BEGIN

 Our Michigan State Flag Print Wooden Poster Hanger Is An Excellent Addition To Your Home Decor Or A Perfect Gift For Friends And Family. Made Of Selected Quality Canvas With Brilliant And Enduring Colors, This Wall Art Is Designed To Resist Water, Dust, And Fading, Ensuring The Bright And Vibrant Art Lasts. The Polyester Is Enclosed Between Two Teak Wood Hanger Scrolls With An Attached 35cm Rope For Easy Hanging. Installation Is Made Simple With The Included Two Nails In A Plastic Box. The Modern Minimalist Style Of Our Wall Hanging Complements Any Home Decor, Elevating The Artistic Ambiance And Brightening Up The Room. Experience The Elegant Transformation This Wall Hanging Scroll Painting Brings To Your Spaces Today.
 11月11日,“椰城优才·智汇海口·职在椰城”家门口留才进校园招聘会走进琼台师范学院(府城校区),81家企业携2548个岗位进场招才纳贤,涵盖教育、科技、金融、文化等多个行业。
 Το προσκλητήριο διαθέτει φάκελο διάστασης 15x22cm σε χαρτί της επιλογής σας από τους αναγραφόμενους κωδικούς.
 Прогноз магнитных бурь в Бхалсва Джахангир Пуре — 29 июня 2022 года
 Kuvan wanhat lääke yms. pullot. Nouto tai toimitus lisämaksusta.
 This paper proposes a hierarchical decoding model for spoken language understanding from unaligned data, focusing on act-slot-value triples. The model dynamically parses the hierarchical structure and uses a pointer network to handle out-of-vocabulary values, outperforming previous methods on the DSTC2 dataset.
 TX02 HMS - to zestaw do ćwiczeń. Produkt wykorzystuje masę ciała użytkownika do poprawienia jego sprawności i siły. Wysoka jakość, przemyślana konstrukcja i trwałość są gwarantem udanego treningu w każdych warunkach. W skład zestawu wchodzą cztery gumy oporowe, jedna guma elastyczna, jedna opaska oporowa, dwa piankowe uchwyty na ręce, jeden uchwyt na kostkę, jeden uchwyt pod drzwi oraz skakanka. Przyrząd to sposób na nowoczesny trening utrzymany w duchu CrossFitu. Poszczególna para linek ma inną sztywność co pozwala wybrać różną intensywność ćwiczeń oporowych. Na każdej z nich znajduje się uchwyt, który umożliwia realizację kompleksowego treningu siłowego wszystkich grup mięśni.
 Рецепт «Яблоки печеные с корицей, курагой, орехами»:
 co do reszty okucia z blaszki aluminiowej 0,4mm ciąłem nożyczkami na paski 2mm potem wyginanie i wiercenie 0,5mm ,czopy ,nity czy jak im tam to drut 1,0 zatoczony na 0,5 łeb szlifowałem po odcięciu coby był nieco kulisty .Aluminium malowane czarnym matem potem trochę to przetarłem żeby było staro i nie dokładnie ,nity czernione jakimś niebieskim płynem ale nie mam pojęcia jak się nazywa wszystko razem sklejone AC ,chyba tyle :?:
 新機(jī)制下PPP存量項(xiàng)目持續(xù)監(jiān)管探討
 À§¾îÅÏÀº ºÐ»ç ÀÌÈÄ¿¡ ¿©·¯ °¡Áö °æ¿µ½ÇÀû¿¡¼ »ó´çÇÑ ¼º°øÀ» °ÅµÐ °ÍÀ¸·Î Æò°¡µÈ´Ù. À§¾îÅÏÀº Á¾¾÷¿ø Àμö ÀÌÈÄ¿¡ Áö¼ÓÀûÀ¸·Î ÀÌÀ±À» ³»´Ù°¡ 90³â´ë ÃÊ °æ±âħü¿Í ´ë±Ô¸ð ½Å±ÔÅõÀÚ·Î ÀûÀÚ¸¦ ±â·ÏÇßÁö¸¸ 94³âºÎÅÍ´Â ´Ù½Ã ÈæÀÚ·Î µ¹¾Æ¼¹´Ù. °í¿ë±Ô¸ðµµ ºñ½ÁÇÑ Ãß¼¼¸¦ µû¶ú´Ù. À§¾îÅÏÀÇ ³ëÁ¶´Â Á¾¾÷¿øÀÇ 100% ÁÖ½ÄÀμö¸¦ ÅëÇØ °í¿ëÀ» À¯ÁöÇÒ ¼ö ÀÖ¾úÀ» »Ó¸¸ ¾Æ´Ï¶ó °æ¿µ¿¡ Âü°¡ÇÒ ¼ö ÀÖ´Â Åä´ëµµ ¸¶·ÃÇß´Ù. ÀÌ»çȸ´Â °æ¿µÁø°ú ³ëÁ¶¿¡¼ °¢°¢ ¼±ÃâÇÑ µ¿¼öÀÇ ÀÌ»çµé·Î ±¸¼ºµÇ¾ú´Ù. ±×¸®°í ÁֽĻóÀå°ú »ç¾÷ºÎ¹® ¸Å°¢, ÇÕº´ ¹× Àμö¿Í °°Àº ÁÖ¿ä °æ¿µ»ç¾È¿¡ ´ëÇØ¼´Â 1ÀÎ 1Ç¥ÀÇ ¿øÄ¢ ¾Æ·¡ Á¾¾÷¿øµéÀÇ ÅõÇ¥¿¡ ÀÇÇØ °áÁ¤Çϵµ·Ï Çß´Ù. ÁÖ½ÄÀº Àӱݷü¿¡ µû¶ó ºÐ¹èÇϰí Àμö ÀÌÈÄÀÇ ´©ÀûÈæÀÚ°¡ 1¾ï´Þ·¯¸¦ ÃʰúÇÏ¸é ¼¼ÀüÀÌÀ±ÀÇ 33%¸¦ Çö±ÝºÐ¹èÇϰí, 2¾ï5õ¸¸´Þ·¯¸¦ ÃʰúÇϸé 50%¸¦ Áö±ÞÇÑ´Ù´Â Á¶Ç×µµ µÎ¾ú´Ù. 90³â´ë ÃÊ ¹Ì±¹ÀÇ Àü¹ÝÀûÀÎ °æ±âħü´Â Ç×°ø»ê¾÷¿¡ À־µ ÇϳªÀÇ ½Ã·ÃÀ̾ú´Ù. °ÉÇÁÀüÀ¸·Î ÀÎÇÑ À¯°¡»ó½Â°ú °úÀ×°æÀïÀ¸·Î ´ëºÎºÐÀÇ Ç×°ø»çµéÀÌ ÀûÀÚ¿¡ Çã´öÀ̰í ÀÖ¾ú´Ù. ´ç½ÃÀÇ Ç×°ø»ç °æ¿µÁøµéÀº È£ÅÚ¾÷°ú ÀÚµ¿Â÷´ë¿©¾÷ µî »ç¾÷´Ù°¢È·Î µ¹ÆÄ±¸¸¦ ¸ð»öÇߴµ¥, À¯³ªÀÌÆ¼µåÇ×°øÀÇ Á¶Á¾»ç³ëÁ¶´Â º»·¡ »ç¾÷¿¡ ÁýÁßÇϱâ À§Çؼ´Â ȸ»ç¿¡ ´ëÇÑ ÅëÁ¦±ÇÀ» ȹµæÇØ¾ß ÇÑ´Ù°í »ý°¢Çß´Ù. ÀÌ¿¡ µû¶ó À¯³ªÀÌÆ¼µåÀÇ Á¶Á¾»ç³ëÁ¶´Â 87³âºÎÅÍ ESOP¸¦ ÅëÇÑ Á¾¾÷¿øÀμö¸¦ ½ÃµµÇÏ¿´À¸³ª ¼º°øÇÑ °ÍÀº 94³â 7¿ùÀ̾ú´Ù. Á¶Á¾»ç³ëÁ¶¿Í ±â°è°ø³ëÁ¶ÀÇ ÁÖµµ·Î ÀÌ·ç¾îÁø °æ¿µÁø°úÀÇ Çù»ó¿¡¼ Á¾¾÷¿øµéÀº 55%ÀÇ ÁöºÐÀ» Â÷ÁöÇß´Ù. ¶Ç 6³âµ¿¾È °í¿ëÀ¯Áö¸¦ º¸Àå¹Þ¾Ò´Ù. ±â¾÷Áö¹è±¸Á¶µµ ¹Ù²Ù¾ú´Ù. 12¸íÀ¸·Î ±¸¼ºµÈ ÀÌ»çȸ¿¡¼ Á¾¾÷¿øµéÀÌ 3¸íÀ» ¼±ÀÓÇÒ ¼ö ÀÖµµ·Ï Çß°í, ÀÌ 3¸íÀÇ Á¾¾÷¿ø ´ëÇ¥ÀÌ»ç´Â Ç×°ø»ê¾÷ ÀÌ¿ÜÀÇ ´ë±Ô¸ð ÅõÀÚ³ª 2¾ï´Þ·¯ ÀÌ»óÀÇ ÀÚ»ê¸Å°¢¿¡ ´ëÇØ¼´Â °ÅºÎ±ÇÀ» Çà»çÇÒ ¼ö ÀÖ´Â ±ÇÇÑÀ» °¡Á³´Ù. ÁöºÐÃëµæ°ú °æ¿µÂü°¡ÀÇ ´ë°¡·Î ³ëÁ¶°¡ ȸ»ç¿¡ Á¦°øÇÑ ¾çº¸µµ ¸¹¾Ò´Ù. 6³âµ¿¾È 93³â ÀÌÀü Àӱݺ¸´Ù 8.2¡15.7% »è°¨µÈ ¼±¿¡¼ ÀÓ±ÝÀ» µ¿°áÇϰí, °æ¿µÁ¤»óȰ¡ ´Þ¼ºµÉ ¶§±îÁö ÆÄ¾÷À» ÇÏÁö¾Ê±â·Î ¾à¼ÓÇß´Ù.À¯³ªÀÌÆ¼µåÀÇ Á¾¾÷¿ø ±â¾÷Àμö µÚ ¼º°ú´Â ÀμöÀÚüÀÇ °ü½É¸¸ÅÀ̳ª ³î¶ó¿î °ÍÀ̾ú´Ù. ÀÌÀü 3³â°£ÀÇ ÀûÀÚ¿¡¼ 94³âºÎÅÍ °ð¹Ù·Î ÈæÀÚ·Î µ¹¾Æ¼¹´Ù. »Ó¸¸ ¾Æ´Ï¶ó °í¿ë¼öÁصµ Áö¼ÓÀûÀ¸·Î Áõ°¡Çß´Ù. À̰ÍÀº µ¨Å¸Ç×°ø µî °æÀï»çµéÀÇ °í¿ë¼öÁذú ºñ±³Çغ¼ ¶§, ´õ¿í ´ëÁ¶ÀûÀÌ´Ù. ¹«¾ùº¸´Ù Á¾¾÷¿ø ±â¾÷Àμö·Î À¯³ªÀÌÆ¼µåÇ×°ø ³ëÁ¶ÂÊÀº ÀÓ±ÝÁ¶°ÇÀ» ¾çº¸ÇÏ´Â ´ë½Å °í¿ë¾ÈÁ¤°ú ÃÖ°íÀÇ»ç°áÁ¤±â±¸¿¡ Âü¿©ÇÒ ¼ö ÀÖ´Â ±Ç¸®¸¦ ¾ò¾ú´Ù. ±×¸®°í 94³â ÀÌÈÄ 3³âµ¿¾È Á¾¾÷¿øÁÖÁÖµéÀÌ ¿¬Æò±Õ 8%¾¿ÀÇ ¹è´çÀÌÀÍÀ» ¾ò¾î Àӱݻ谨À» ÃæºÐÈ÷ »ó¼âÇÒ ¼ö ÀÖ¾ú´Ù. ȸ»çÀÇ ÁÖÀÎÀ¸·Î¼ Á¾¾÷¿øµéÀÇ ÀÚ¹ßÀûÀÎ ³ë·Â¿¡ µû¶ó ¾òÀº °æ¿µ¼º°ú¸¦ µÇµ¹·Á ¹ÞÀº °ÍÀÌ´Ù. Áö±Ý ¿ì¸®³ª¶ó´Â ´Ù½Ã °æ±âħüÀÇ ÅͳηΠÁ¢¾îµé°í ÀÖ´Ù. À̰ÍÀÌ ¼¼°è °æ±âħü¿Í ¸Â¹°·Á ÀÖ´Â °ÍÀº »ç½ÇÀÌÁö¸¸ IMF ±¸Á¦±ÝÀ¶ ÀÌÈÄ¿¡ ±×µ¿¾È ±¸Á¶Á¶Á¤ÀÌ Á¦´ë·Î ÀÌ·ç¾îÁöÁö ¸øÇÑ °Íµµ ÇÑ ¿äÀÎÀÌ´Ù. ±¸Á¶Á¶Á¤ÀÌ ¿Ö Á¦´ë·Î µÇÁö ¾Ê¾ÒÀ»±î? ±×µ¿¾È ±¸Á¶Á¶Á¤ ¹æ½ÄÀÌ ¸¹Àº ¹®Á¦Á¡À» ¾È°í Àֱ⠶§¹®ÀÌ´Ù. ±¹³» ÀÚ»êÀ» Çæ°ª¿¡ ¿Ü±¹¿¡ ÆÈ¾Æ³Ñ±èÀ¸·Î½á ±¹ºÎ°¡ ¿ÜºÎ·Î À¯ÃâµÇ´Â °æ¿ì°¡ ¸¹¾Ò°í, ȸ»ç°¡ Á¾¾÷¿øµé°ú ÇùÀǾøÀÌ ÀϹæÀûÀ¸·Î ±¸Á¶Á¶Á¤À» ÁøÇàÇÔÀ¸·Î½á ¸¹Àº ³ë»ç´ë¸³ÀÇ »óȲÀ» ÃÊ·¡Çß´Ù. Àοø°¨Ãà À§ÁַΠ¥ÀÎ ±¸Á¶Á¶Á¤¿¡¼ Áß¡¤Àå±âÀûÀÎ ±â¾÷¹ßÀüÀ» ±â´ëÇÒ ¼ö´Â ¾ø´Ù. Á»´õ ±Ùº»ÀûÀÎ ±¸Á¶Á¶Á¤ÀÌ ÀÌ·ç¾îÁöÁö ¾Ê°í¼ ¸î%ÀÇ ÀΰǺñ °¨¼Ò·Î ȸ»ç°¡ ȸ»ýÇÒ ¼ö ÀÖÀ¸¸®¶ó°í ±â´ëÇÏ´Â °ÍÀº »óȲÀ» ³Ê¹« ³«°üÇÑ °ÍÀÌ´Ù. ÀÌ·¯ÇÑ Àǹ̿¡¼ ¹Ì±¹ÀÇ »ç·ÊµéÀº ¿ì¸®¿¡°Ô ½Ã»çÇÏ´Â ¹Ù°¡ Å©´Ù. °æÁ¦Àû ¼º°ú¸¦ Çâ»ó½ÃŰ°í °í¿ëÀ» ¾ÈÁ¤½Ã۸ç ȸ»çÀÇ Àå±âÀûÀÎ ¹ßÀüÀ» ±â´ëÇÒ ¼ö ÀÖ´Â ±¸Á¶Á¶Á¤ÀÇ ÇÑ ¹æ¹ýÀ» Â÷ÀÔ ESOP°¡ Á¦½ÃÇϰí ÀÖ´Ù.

END

Exercise instructions:
Word for word, please print every line from the beginning of the records to the line bearing "This paper proposes", counting both ends and stopping there.

Answer to this problem:
 Our Michigan State Flag Print Wooden Poster Hanger Is An Excellent Addition To Your Home Decor Or A Perfect Gift For Friends And Family. Made Of Selected Quality Canvas With Brilliant And Enduring Colors, This Wall Art Is Designed To Resist Water, Dust, And Fading, Ensuring The Bright And Vibrant Art Lasts. The Polyester Is Enclosed Between Two Teak Wood Hanger Scrolls With An Attached 35cm Rope For Easy Hanging. Installation Is Made Simple With The Included Two Nails In A Plastic Box. The Modern Minimalist Style Of Our Wall Hanging Complements Any Home Decor, Elevating The Artistic Ambiance And Brightening Up The Room. Experience The Elegant Transformation This Wall Hanging Scroll Painting Brings To Your Spaces Today.
 11月11日,“椰城优才·智汇海口·职在椰城”家门口留才进校园招聘会走进琼台师范学院(府城校区),81家企业携2548个岗位进场招才纳贤,涵盖教育、科技、金融、文化等多个行业。
 Το προσκλητήριο διαθέτει φάκελο διάστασης 15x22cm σε χαρτί της επιλογής σας από τους αναγραφόμενους κωδικούς.
 Прогноз магнитных бурь в Бхалсва Джахангир Пуре — 29 июня 2022 года
 Kuvan wanhat lääke yms. pullot. Nouto tai toimitus lisämaksusta.
 This paper proposes a hierarchical decoding model for spoken language understanding from unaligned data, focusing on act-slot-value triples. The model dynamically parses the hierarchical structure and uses a pointer network to handle out-of-vocabulary values, outperforming previous methods on the DSTC2 dataset.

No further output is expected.